Christmas is a time for embracing thine enemy. Wrap a litter of mastiff puppies in pretty gold paper for his/her children.

Stressed over choosing the right gift for your teenagers? Try this nifty trick: place three or four large denomination bills in a festive envelope and watch their faces light up.

And, finally, in the rush to make everyone else happy, don’t forget to treat yourself! A litre of gin and that attractive snowflake tin full of mince pies makes a simple and nourishing breakfast or midnight snack.


10 thoughts on “Surefire last minute Christmas presents.

  1. raych 7 years ago

    Oh my god how can I get far enough onto your bad side that you wrap me up a litter of mastiffs?

    1. Meg Rosoff 7 years ago

      When’s your due date?

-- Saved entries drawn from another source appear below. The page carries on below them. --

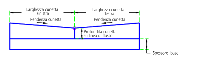 | Spessore base | Spessore della base sotto la cunetta | Numerico, positivo |
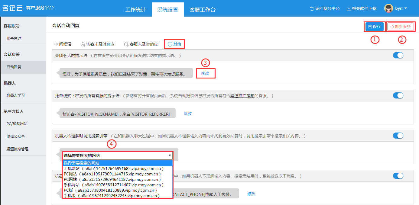 在此模块可设置在关闭会话时、抢单模式下系统自动回复的信息内容,以及在和机器人聊天过程中,如果机器人不理解输入内容而未找到有效回复时,调用搜索引擎来搜索相关内容和在和机器人聊天过程中,如果机器人不理解输入内容、搜索无结果时,系统发送的消息内容。界面如下:
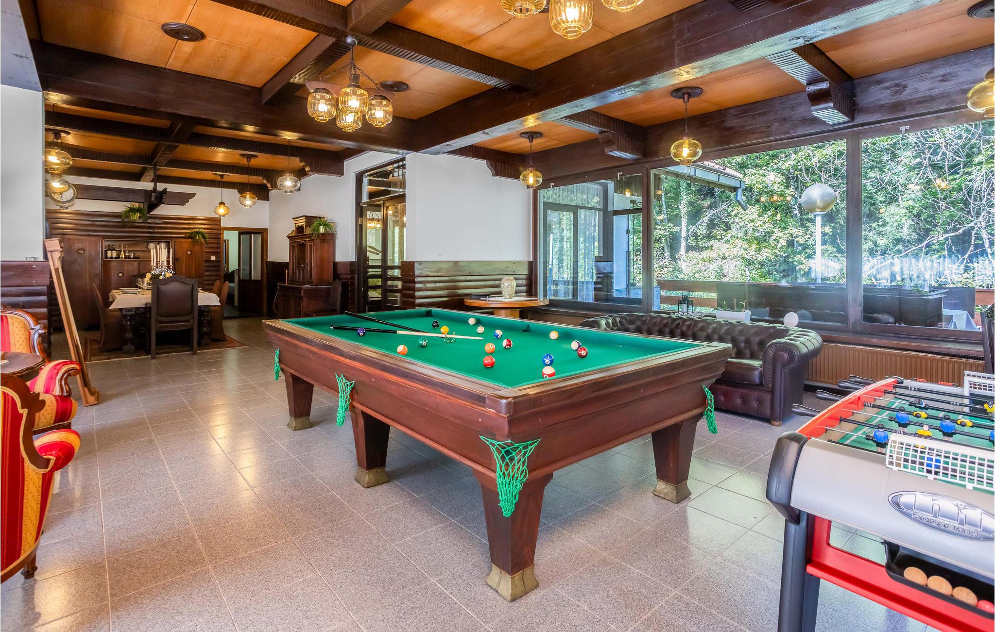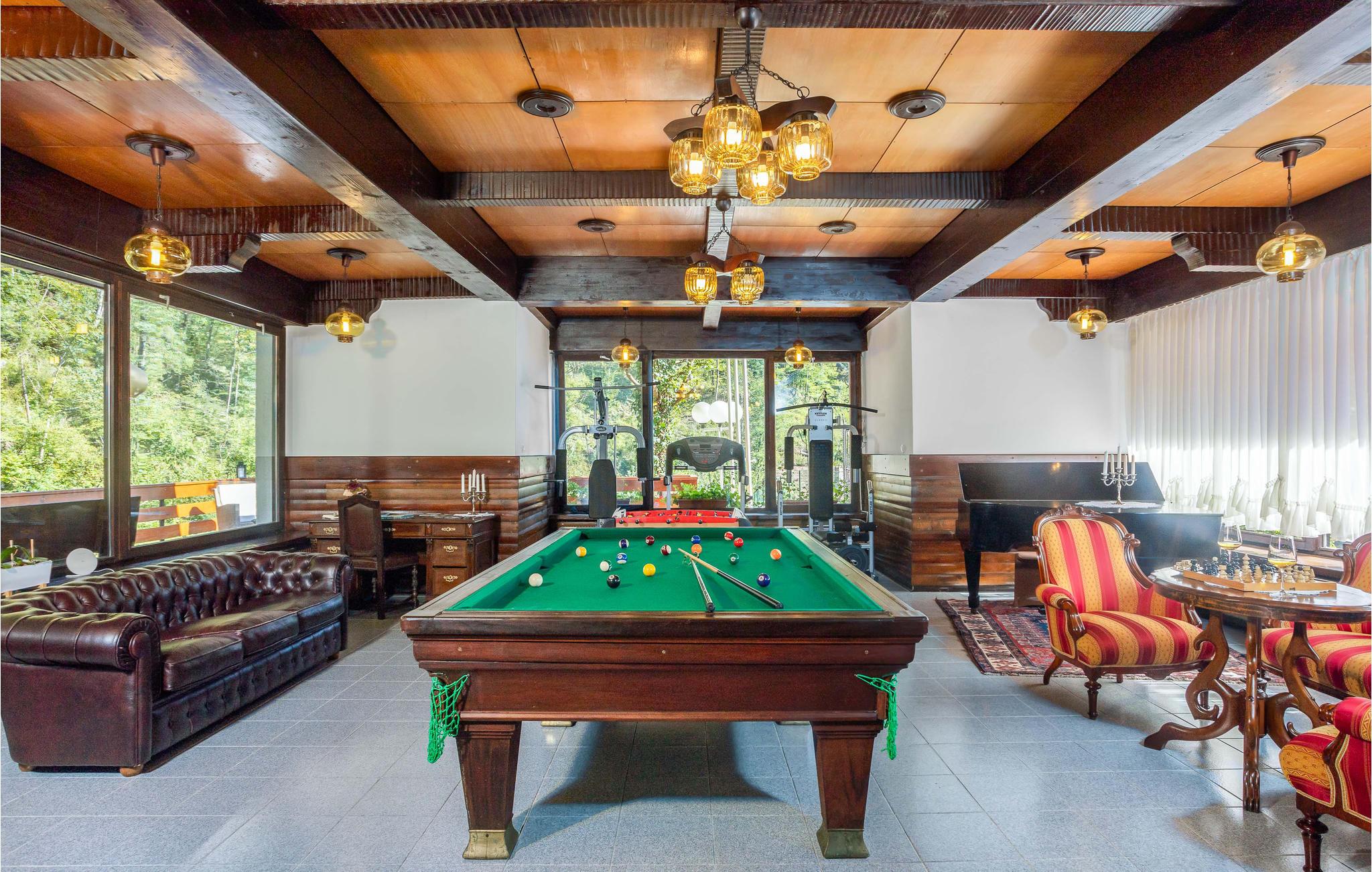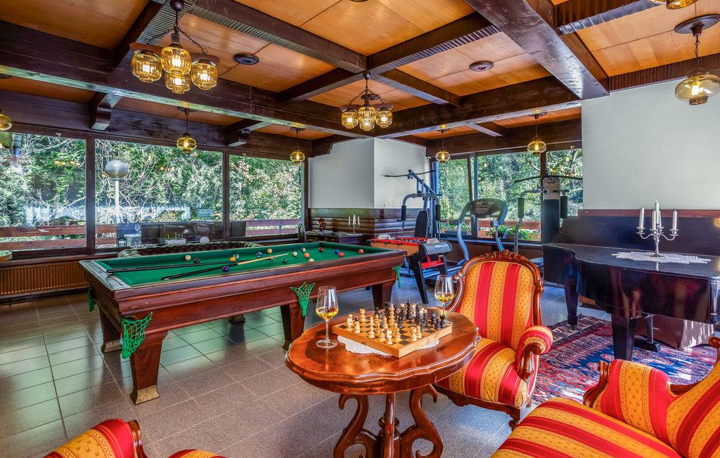 Beliggende på flodbredden i smukke naturomgivelser lover dette særlige feriehus en uforglemmelig ferie, og med sine trælofter, solide træmøbler og mange faciliteter og goder vil alle familiemedlemmer blive begejstrede for dette sted. De store rum er flot badet i naturligt lys gennem de mange store vinduer, som også bringer naturen helt tæt på. Uanset om I vil træne, spille billard eller bare hygge jer i sofaerne, finder I den rette plads til jer og dem, I holder af. I kan også nyde tiden udenfor med solbadning, dejlige familiemåltider, eftermiddagskaffe og aftendrinks, og I kan vælge mellem to terrasser. Lyt til de små, brusende vandfald, som udspringer kun få meter væk.
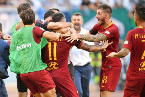 Come l’anno scorso Eusebio Di Francesco scaccia i corvi dal cielo di Trigoria. La Roma ha battuto la Lazio e la vittoria vale doppio, perché una settimana fa Pallotta era disgustato e il derby può salvare le stagioni. Secondo successo di fila, i sei punti in tre giorni hanno rimesso a posto la classifica giallorossa. L’impressione è che a Roma molti sottovalutino le capacità di Di Francesco. Gli hanno smontato il giocattolo con le cessioni di Alisson, Strootman e Nainggolan e hanno preteso che subito ne plasmasse un altro di pari divertimento. Il cerino ora passa nelle mani di Simone Inzaghi. La classifica laziale resta migliore di quella romanista, un punto in più, però la sconfitta cambia la prospettiva, capovolge gli umori. Come riporta La Gazzetta dello Sport, la Roma ha cominciato male la partita. È stata timida e timorosa, sottomessa alla Lazio, che però ha avuto la grande colpa di non capitalizzare la superiorità territoriale. La Roma ha svoltato per caso, grazie all’infortunio di Pastore. L’ex Psg si è fatto male al polpaccio sinistro ed è stato sostituito da Lorenzo Pellegrini. L’azzurro non è entrato in partita: di più, l’ha fatta sua. Quasi allo scadere, con un colpo di tacco e al culmine di diversi rimpalli ha messo dentro l’1-0, nella stessa rete in cui Pastore di tacco aveva segnato contro Atalanta e Frosinone. Nel secondo tempo un errore scellerato di Fazio regala il pareggio a Ciro Immobile. Su quel gol la Roma si è trovata davanti a un bivio e ha imboccato la giusta direzione: non si è consegnata alla Lazio, ma con carattere è andata a riprendersi il proprio futuro grazie ad una punizione dell’ex laziale Kolarov ed al colpo di testa di Fazio. Gol storico quello del serbo che ha eguagliato Arne Selmosson, attaccante svedese degli Anni Cinquanta e Sessanta, scomparso nel 2002 e fino a ieri unico calciatore ad aver segnato nel derby romano con le due maglie.
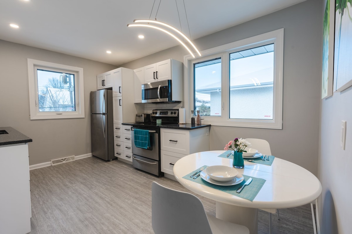 Esta espaçosa suíte de 2 quartos está localizada em um bairro seguro e tranquilo perto do perímetro, perfeito para quem dirige pelo país. Também está em rotas de ônibus, a uma curta caminhada de Sobeys, um banco e a 6 minutos de carro do famoso shopping St Vital. Sala de estar de conceito aberto lindamente projetada com lareira elétrica, área de jantar e cozinha totalmente mobiliada com ótimo espaço. Ambos os quartos têm uma cama queen-size aconchegante. 1 estacionamento disponível na entrada da garagem.
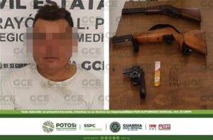 Lagunillas, S.L.P.- Un hombre que presuntamente portaba varias armas de fuego, fue detenido por elementos de la Guardia Civil Estatal en el municipio de Lagunillas
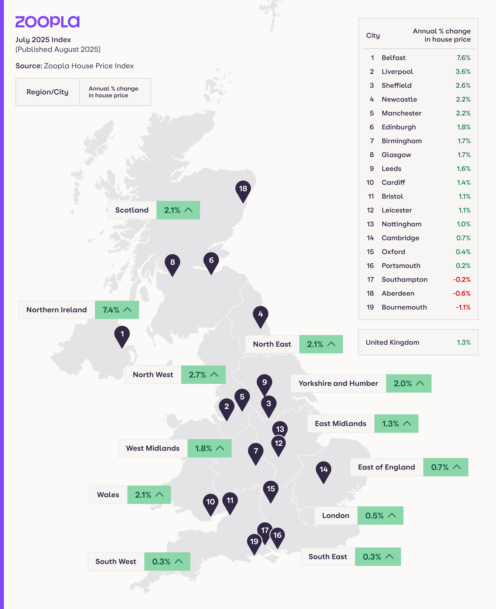 Zoopla’s House Price Index data goes up until the end of July 2025. Data on sales agreed and growth in homes for sale cover the 4 weeks to 17 August 2025 compared to the same period in 2024.

I’ll have them delivered to coincide.

    1. Meg Rosoff 7 years ago

      I raise my pie and gin to you, Bazza. And thanks for an ever-entertaining and informative blog.

  2. Vivian Oldaker 7 years ago

    Christmas 2012 TV Sensation: “How To Do Christmas” with Meg Rosoff.

    1. Meg Rosoff 7 years ago

      I usually can’t cope with more than a litre at 8am.

  3. Mieke Zamora-Mackay 7 years ago

    Those festive envelopes were always a great treat when I was growing up. I loved Christmas. I still do.

  4. Kate 7 years ago

    On Christmas Eve I sat in a darkened bedroom and tried to give my son the gift of sleep. That didn’t quite work, so instead I shared my cold with him. I think he would have preferred an i-pod touch.